Last modified: 2023-05-28
Abstract
This work proposed a novel Runge-Kutta Physics-Informed Neural Network (R-KPINN) framework for Computational Structural Dynamics (CSD). In the proposed framework, artificial neural networks (ANNs) are applied to predict the field variables in terms of velocity and displacement, while both the implicit and explicit Runge-Kutta (RK) methods are used to deal with temporal integration. Additionally, the R-KPINN is trained to approximate accurate results of the vibration problems by equilibrium equations and the corresponding initial/boundary conditions[1]. The proposed framework offers an alternative to traditional numerical methods, including mesh-based and meshfree methods. The R-KPINN's meshless nature effectively prevents the issues such as mesh distortion and re-meshing in CSD problems[2]. Besides, The R-KPINN globally calculates the differential terms of the partial differential equations (PDEs) rather than relying on the surrounding nodes or particles. Therefore, the proposed framework can address the accuracy problem caused by uneven sample points and boundary truncation issues in conventional meshfree methods.
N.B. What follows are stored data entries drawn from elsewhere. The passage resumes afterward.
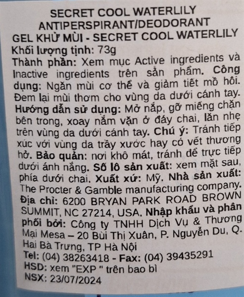 (SALE-T6/26) NK - Lăn khử mùi Secret Antiperspirant/Deodorant Clear Gel Cool Waterlily 48HR Protection PH Balancing Minerals 2.6 Oz 73g
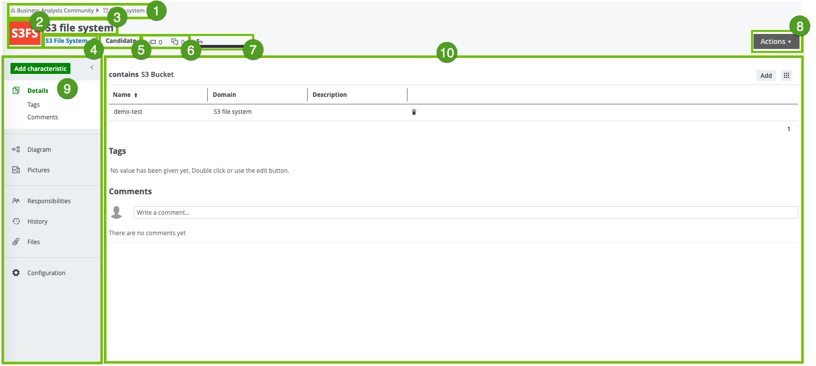 The Details tab page contains information about the attributes from the Summary tab page and the attributes or relations that the user adds to the asset. It also contains tags and comments. |
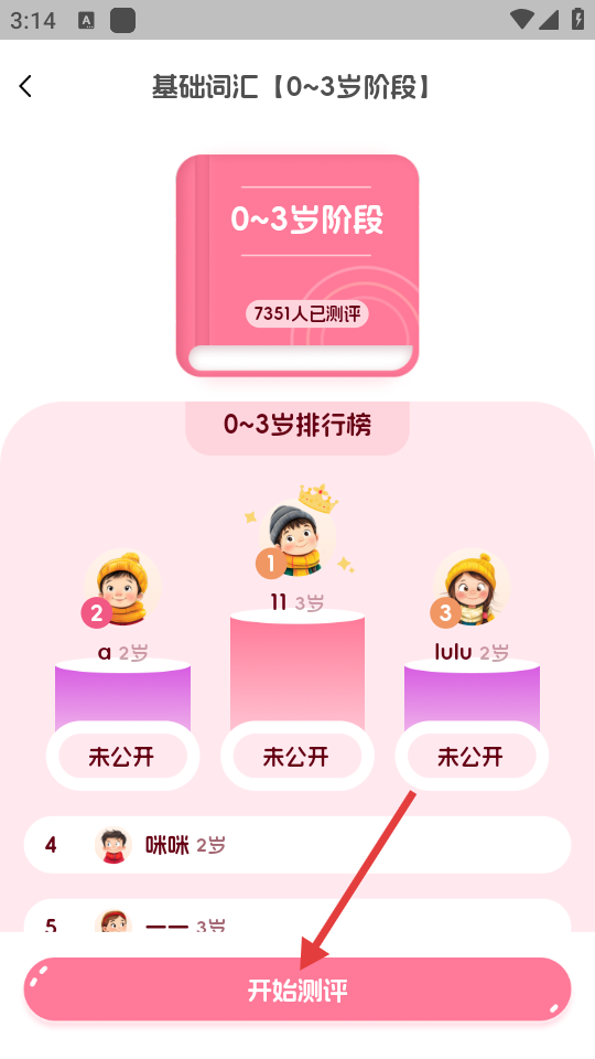 3、在基础词汇【0~3岁阶段】页面,点击【开始测评】按钮。
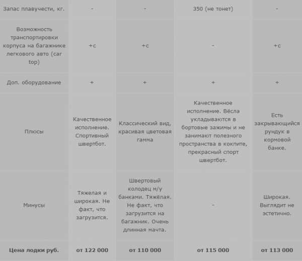 При взгляде на таблицу видим, что в России тоже научились делать лодки — Лагуна – Комби и Тортилла – 305 Комби это качественно сделанные лодки.
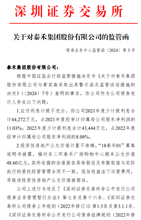 【大河财立方消息】8月6日,深交所对泰禾集团发出监管函。
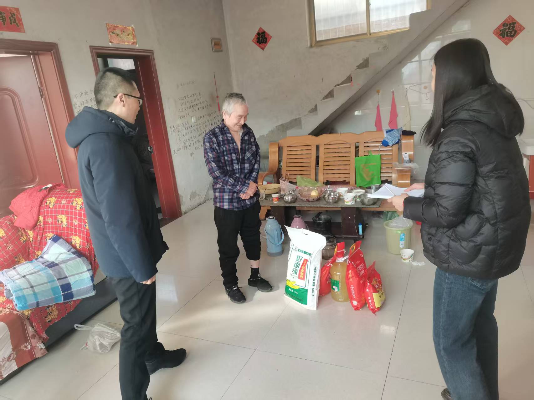 2月12日,区红十字会工作人员一行先后深入后小梅、韩家庄、西羊市、冶河村、西高村,在各乡镇负责人的陪同下,走访慰问困难家庭,与他们亲切交谈,仔细询问生活及健康状况,为他们送去了米、面、油、棉衣棉褥慰问品,同时也送去了党和政府的关怀和新春祝福。
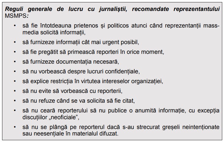 pentru îmbunătățirea comunicării cu instituțiile media.

Finally, the R-KPINN based CSD framework's feasibility and stability are evaluated through several CSD benchmark problems, including one-dimensional Euler-Bernoulli beam, Timoshenko beam and two-dimensional plate vibration problems[3], showcasing its potential to revolutionize the way to solve CSD problems.
Keywords: Computational structural dynamics, Physics informed neural network, Deep learning, Runge-Kuta method
References
[1] M. Raissi, P. Perdikaris, and G. E. Karniadakis, “Physics-informed neural networks: A deep learning framework for solving forward and inverse problems involving nonlinear partial differential equations,” J Comput Phys, vol. 378, pp. 686–707, Feb. 2019, doi: 10.1016/j.jcp.2018.10.045.
[2] D. Baye, “The Lagrange-mesh method,” Physics Reports, vol. 565. 2015. doi: 10.1016/j.physrep.2014.11.006.
[3] S. C. Lin and K. M. Hsiao, “Vibration analysis of a rotating Timoshenko beam,” J Sound Vib, vol. 240, no. 2, 2001, doi: 10.1006/jsvi.2000.3234.